» WHAT YOU SHOULD DO: Could you print each entry below verbatim while omitting the pictures?

» EXERCISE DATA:
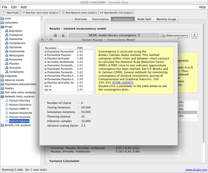 - The network meta-analysis simulation can be re-run if necessary, e.g. to verify saved results or to obtain density and convergence plots.
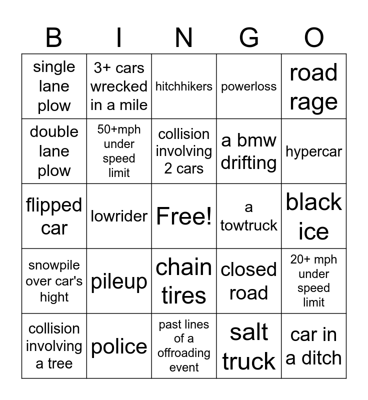This bingo card has a free space and 24 words: pileup, police, collision involving 2 cars, collision involving a tree, road rage, single lane plow, double lane plow, 3+ cars wrecked in a mile, a towtruck, chain tires, a bmw drifting, flipped car, closed road, 20+ mph under speed limit, 50+mph under speed limit, salt truck, black ice, hitchhikers, hypercar, lowrider, car in a ditch, snowpile over car's hight, powerloss and past lines of a offroading event.
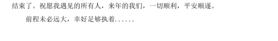 當黑云翻墨,天邊的朝陽未能如期地升起時,我知道,冬天如期地到來了。我走入寒風中,開啟同樣忙碌而又充實的一天,再次走入暮色中時,2024年的本科生涯結束了。祝愿我遇見的所有人,來年的我們,一切順利,平安順遂。
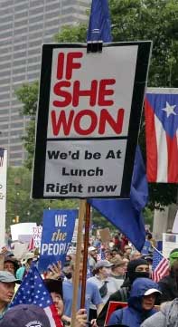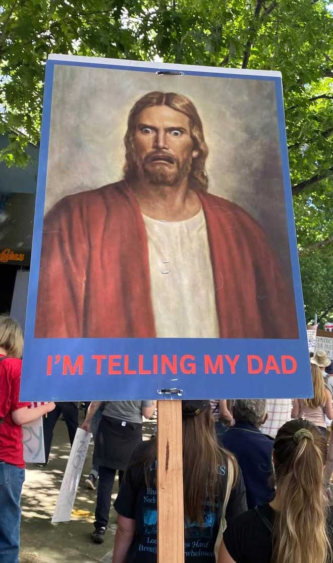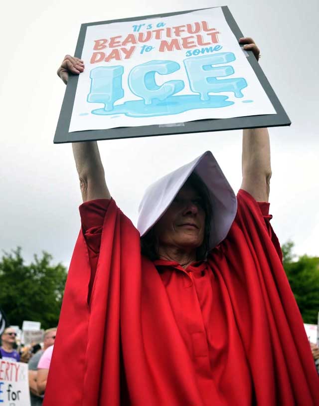 Handmaid's Tale imagery has been used a lot, but hey, cliches are cliches for a reason. The sign is great, too.
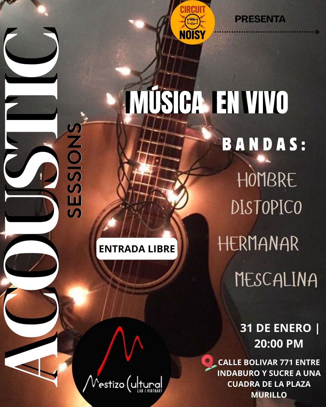 DETALLES DEL EVENTO Acoustic Sessions El colectivo Circuit Noisy presenta a cuatro bandas locales de rock en formato acústico: Hombre Distópico Hermanar Mescalina MÁS INFORMACIÓN 76221110 ETIQUETAS concierto INFORMACIÓN DEL EVENTO Mestizo Cultural https://www.facebook.com/MestizoCultural.virtuart?__cft__[0]=AZZP_Td88el_Do_k6vn69VMf5fhZjTxj43k8BYTO-pr-agQpUMmO884F_R3y8IhwXv0_uSpVPN_IoUoXKJWhK9hCfqUA1oNAFrVCdORdBdP44sy9YhLlu6k0yFaWOTRBDY94G1F-fXdtQFX84RLKw9fiQFIhbaP72z-oHCslhMhZ82puxqijdbdF3yTWqQR89xcTxX15kNUeniOvSz9ehM-5&__tn__=-UC*F COSTO Ingreso libre FECHA 31/01/2026 − HORA 21:30 − UBICACIÓN Calle Bolívar entre Indaburo y Sucre Guarda este evento en tu calendario. GOOGLE CALENDAR MÁS INFORMACIÓN 76221110 ETIQUETAS concierto Comparte este evento con tus contactos
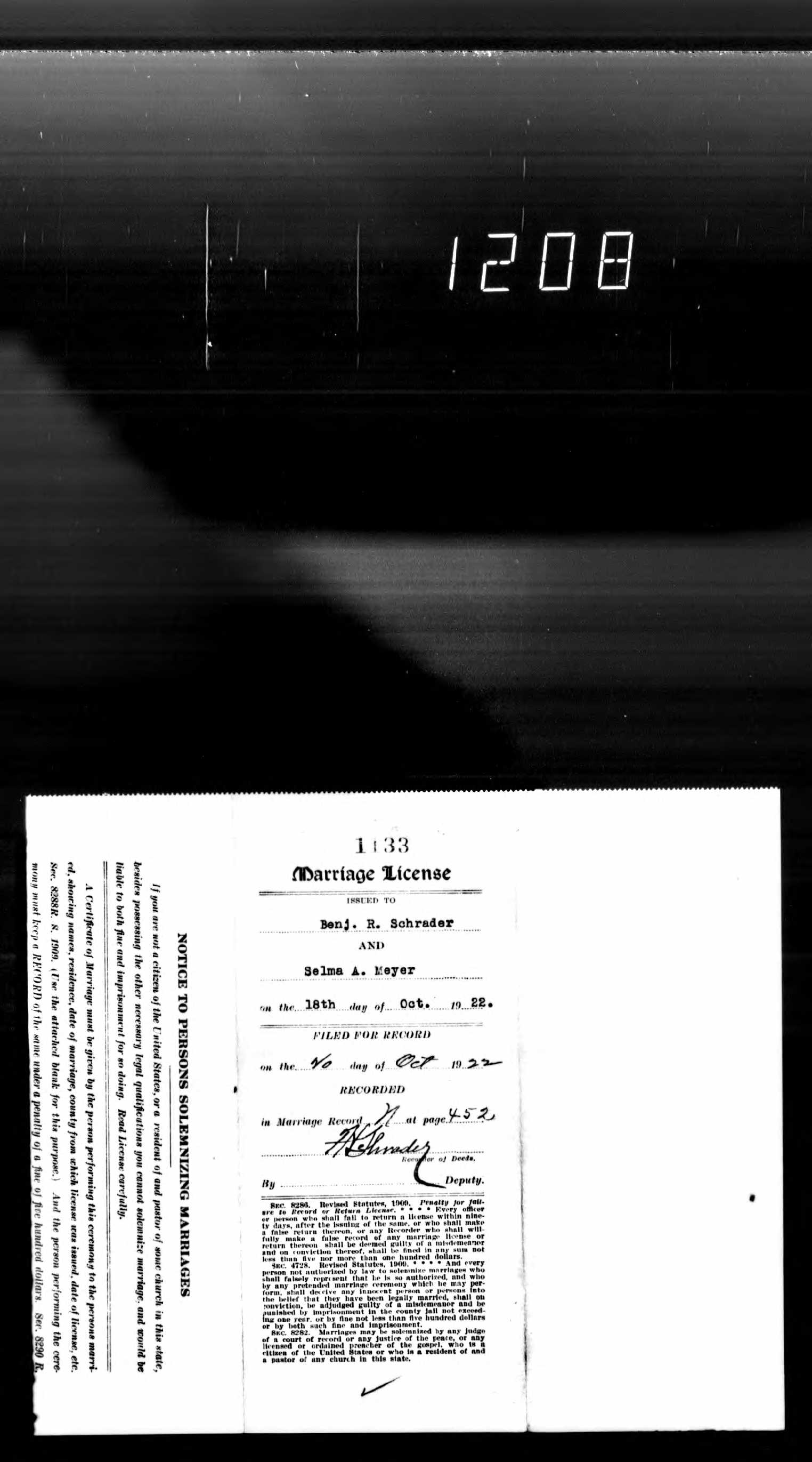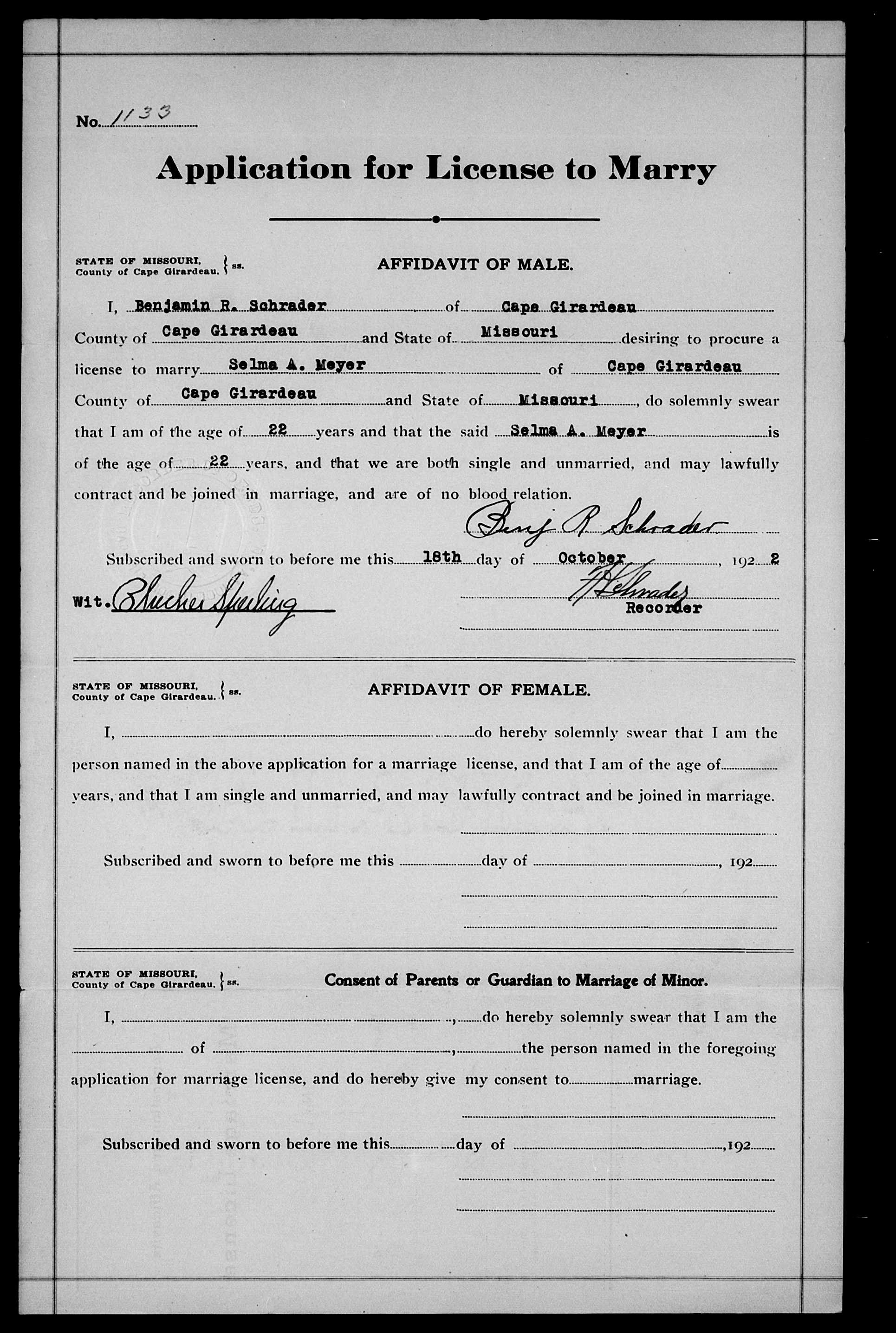 Ben Schrader to Selma Meyer Marriage License |
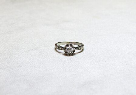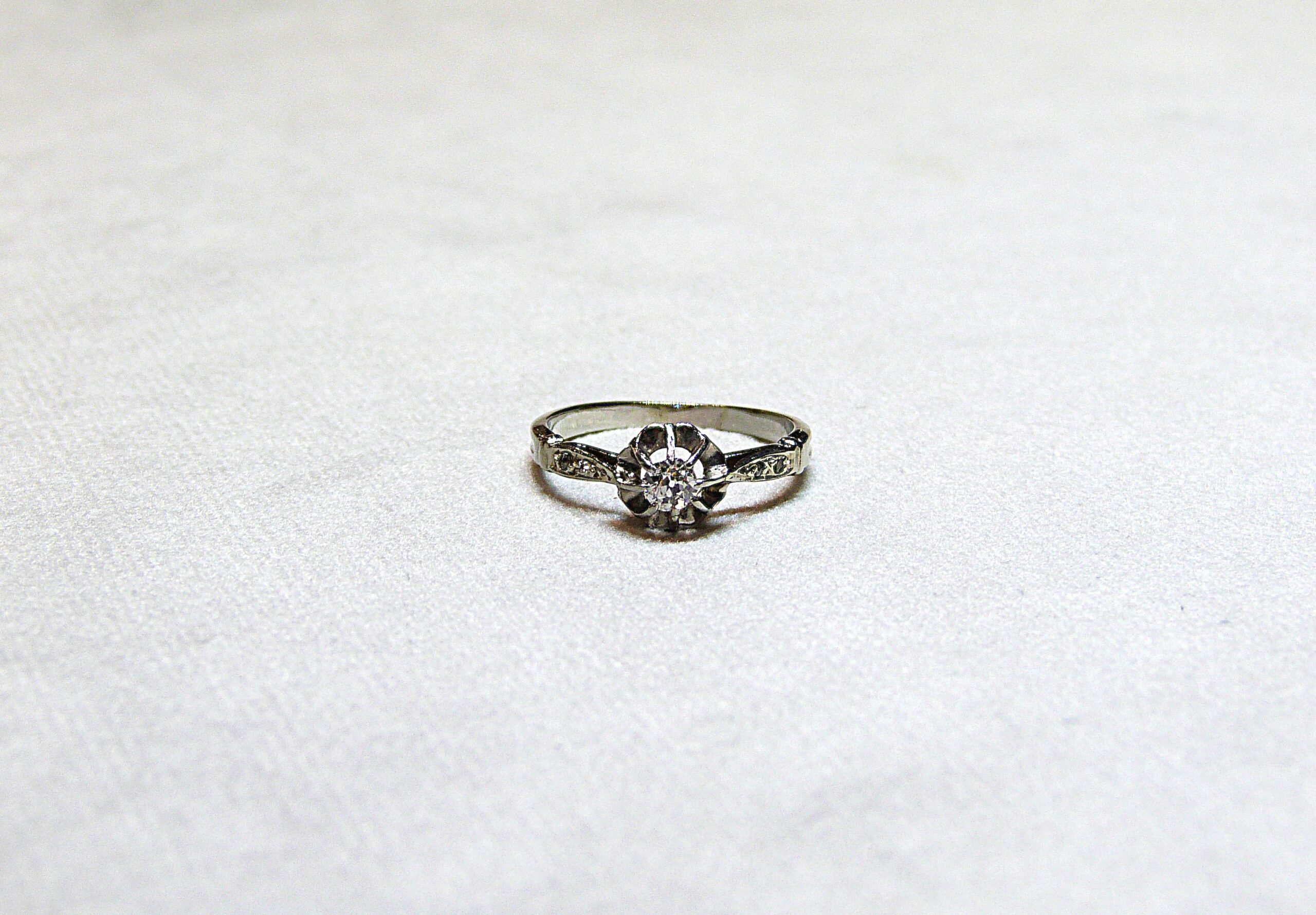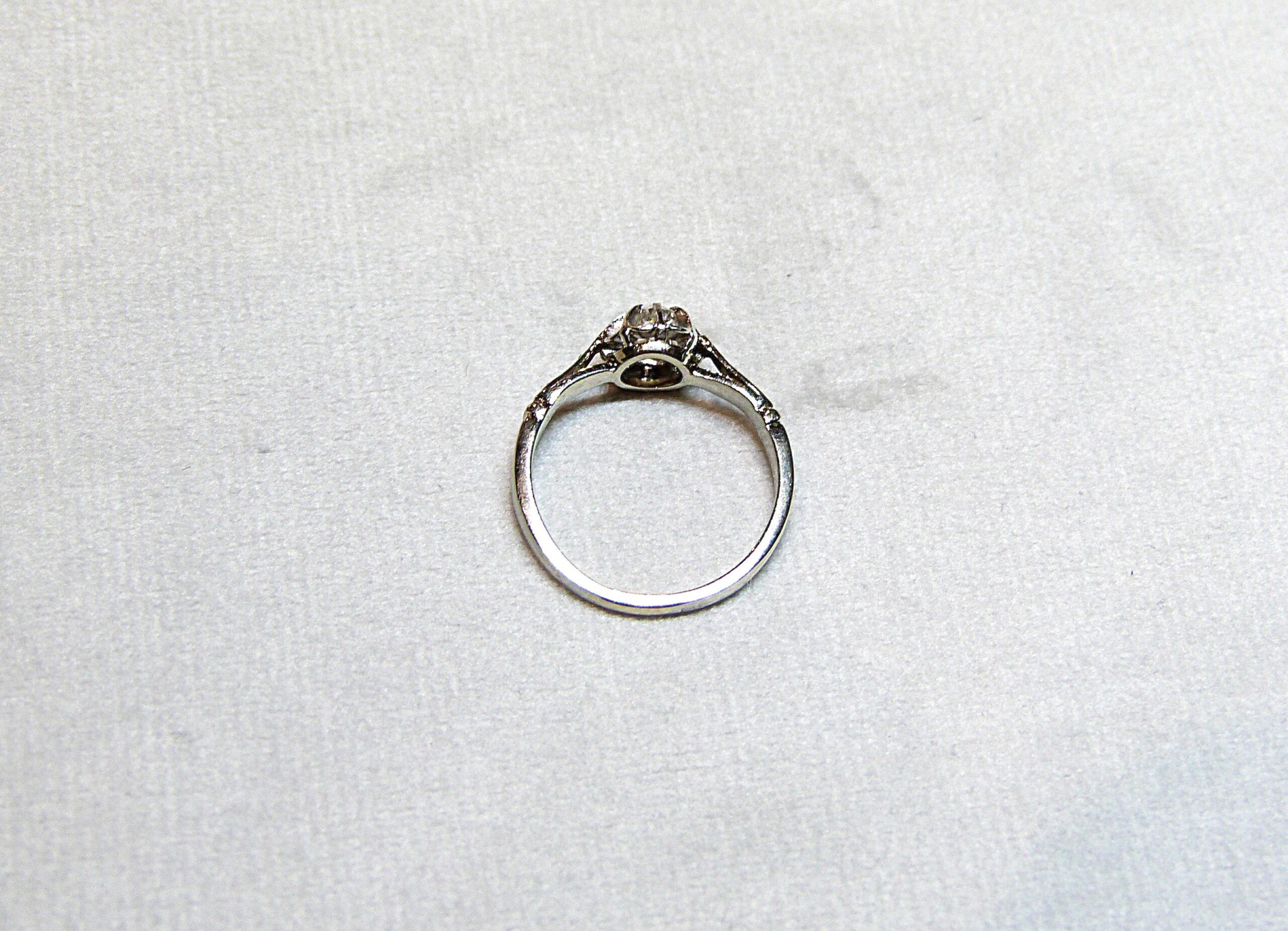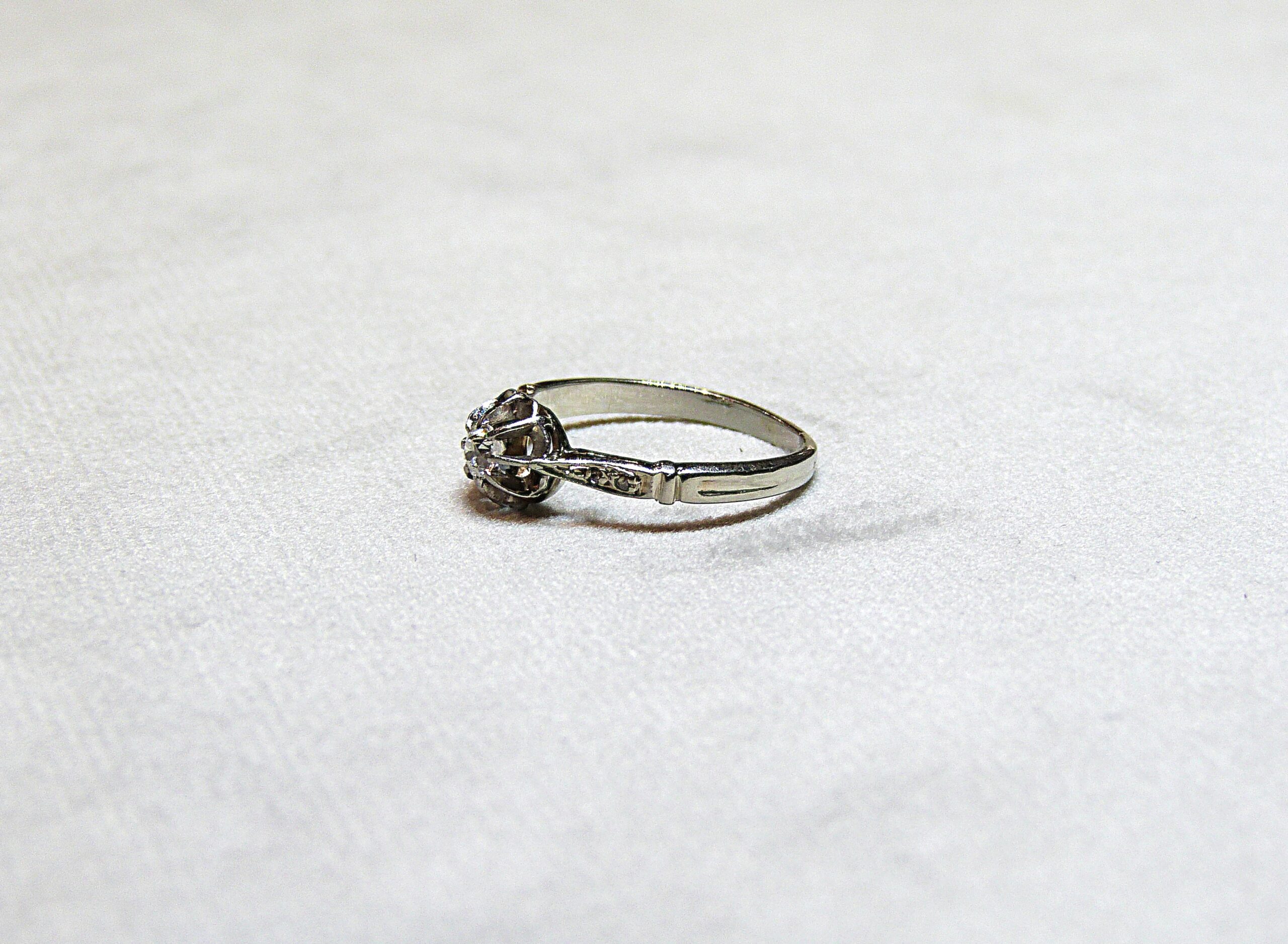 Bague de type solitaire en or gris 750/1000ème ( 18 k ) et platine sertie d’un diamant taille ancienne pesant 0,10 carat environ.
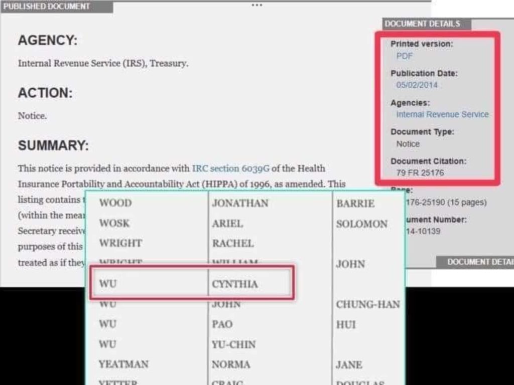 根據美國財政部國稅局的資料,2014 年第一季放棄國籍的名單,有位叫 Cynthia Wu。吳欣盈的英文名字剛好叫 Cynthia。

» RESPONSE AREA:
 - The network meta-analysis simulation can be re-run if necessary, e.g. to verify saved results or to obtain density and convergence plots.
This bingo card has a free space and 24 words: pileup, police, collision involving 2 cars, collision involving a tree, road rage, single lane plow, double lane plow, 3+ cars wrecked in a mile, a towtruck, chain tires, a bmw drifting, flipped car, closed road, 20+ mph under speed limit, 50+mph under speed limit, salt truck, black ice, hitchhikers, hypercar, lowrider, car in a ditch, snowpile over car's hight, powerloss and past lines of a offroading event.
 當黑云翻墨,天邊的朝陽未能如期地升起時,我知道,冬天如期地到來了。我走入寒風中,開啟同樣忙碌而又充實的一天,再次走入暮色中時,2024年的本科生涯結束了。祝愿我遇見的所有人,來年的我們,一切順利,平安順遂。
 Handmaid's Tale imagery has been used a lot, but hey, cliches are cliches for a reason. The sign is great, too.
 DETALLES DEL EVENTO Acoustic Sessions El colectivo Circuit Noisy presenta a cuatro bandas locales de rock en formato acústico: Hombre Distópico Hermanar Mescalina MÁS INFORMACIÓN 76221110 ETIQUETAS concierto INFORMACIÓN DEL EVENTO Mestizo Cultural https://www.facebook.com/MestizoCultural.virtuart?__cft__[0]=AZZP_Td88el_Do_k6vn69VMf5fhZjTxj43k8BYTO-pr-agQpUMmO884F_R3y8IhwXv0_uSpVPN_IoUoXKJWhK9hCfqUA1oNAFrVCdORdBdP44sy9YhLlu6k0yFaWOTRBDY94G1F-fXdtQFX84RLKw9fiQFIhbaP72z-oHCslhMhZ82puxqijdbdF3yTWqQR89xcTxX15kNUeniOvSz9ehM-5&__tn__=-UC*F COSTO Ingreso libre FECHA 31/01/2026 − HORA 21:30 − UBICACIÓN Calle Bolívar entre Indaburo y Sucre Guarda este evento en tu calendario. GOOGLE CALENDAR MÁS INFORMACIÓN 76221110 ETIQUETAS concierto Comparte este evento con tus contactos
 Ben Schrader to Selma Meyer Marriage License |
 Bague de type solitaire en or gris 750/1000ème ( 18 k ) et platine sertie d’un diamant taille ancienne pesant 0,10 carat environ.
 根據美國財政部國稅局的資料,2014 年第一季放棄國籍的名單,有位叫 Cynthia Wu。吳欣盈的英文名字剛好叫 Cynthia。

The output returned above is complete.